● Requirement
Could you give the data below again exactly, apart from the pictures?

● Supplied data
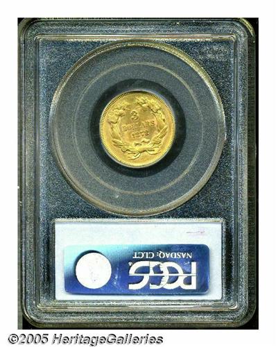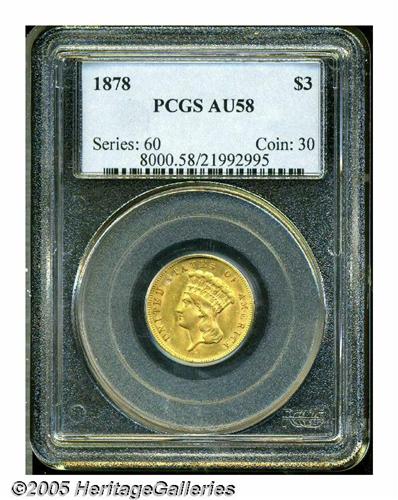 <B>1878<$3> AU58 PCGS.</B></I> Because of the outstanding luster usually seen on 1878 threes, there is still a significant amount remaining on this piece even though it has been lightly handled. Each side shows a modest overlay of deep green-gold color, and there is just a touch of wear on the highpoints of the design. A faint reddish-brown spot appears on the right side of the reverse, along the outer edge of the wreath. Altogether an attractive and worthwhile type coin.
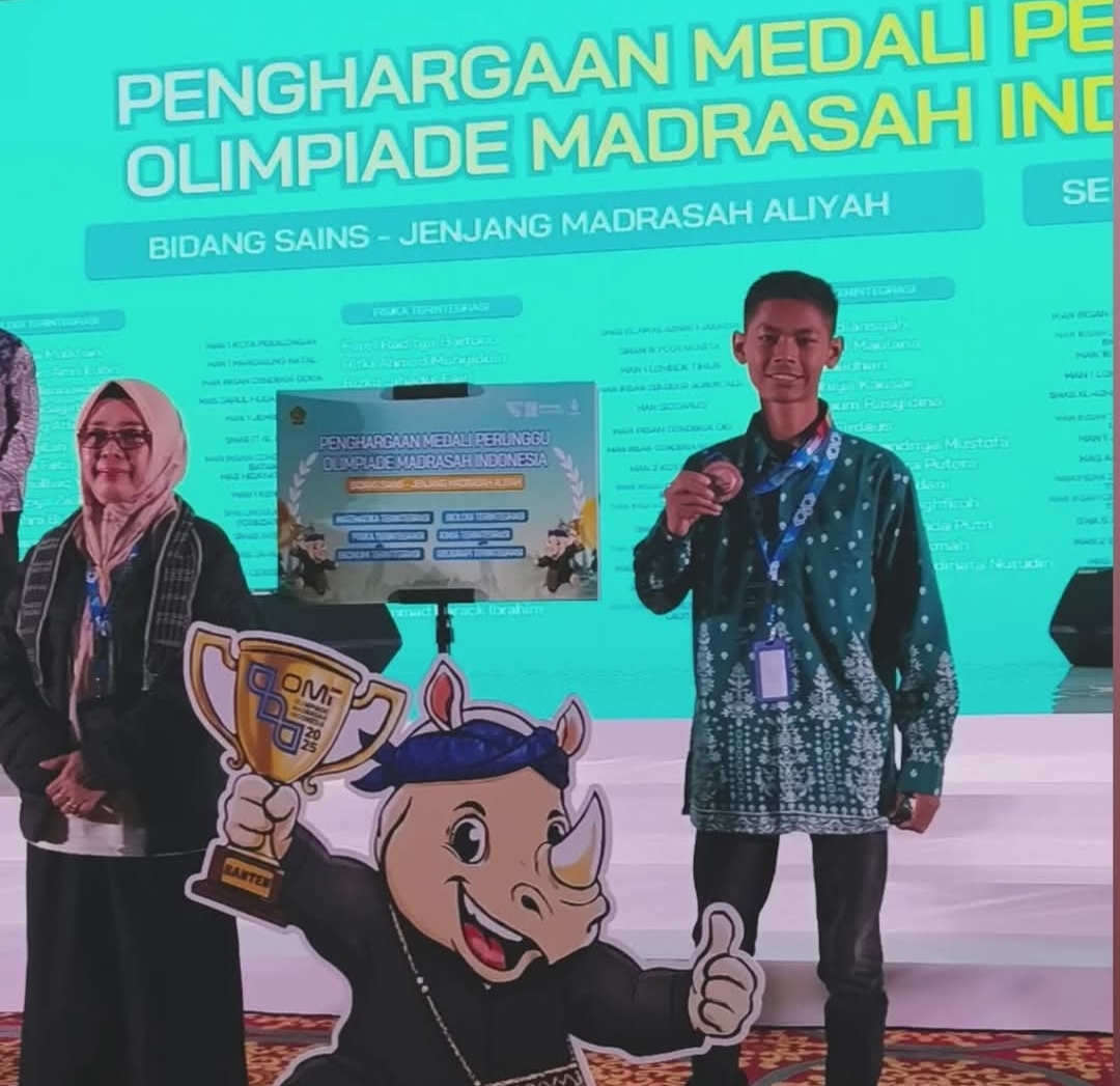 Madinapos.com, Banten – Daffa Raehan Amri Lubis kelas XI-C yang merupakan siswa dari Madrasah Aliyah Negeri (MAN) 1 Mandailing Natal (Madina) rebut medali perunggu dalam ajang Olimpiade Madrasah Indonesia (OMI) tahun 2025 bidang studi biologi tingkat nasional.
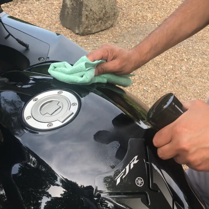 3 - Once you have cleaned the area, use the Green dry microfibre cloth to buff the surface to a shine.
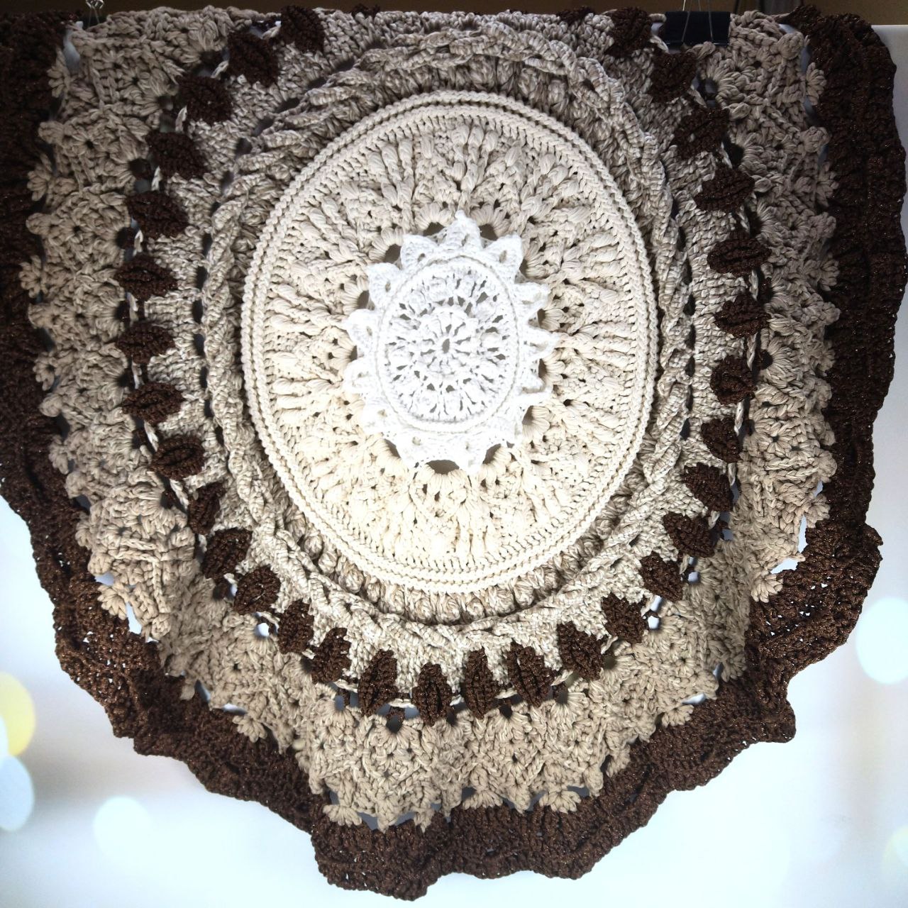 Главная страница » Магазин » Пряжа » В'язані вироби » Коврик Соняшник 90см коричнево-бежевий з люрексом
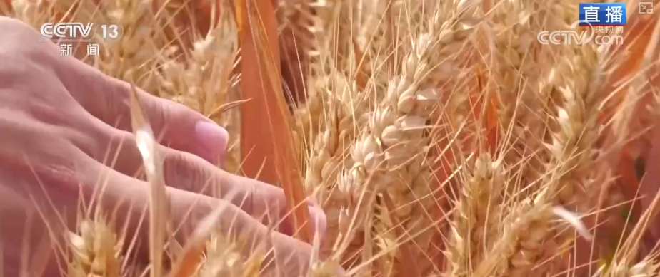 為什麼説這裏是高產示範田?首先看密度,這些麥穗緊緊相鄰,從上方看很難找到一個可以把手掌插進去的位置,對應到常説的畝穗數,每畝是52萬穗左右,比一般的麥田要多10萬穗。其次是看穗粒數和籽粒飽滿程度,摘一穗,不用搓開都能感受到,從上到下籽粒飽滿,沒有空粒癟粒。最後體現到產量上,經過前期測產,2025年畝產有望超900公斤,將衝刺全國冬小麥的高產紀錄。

● Completed exercise
 <B>1878<$3> AU58 PCGS.</B></I> Because of the outstanding luster usually seen on 1878 threes, there is still a significant amount remaining on this piece even though it has been lightly handled. Each side shows a modest overlay of deep green-gold color, and there is just a touch of wear on the highpoints of the design. A faint reddish-brown spot appears on the right side of the reverse, along the outer edge of the wreath. Altogether an attractive and worthwhile type coin.
 Madinapos.com, Banten – Daffa Raehan Amri Lubis kelas XI-C yang merupakan siswa dari Madrasah Aliyah Negeri (MAN) 1 Mandailing Natal (Madina) rebut medali perunggu dalam ajang Olimpiade Madrasah Indonesia (OMI) tahun 2025 bidang studi biologi tingkat nasional.
 3 - Once you have cleaned the area, use the Green dry microfibre cloth to buff the surface to a shine.
 Главная страница » Магазин » Пряжа » В'язані вироби » Коврик Соняшник 90см коричнево-бежевий з люрексом
 為什麼説這裏是高產示範田?首先看密度,這些麥穗緊緊相鄰,從上方看很難找到一個可以把手掌插進去的位置,對應到常説的畝穗數,每畝是52萬穗左右,比一般的麥田要多10萬穗。其次是看穗粒數和籽粒飽滿程度,摘一穗,不用搓開都能感受到,從上到下籽粒飽滿,沒有空粒癟粒。最後體現到產量上,經過前期測產,2025年畝產有望超900公斤,將衝刺全國冬小麥的高產紀錄。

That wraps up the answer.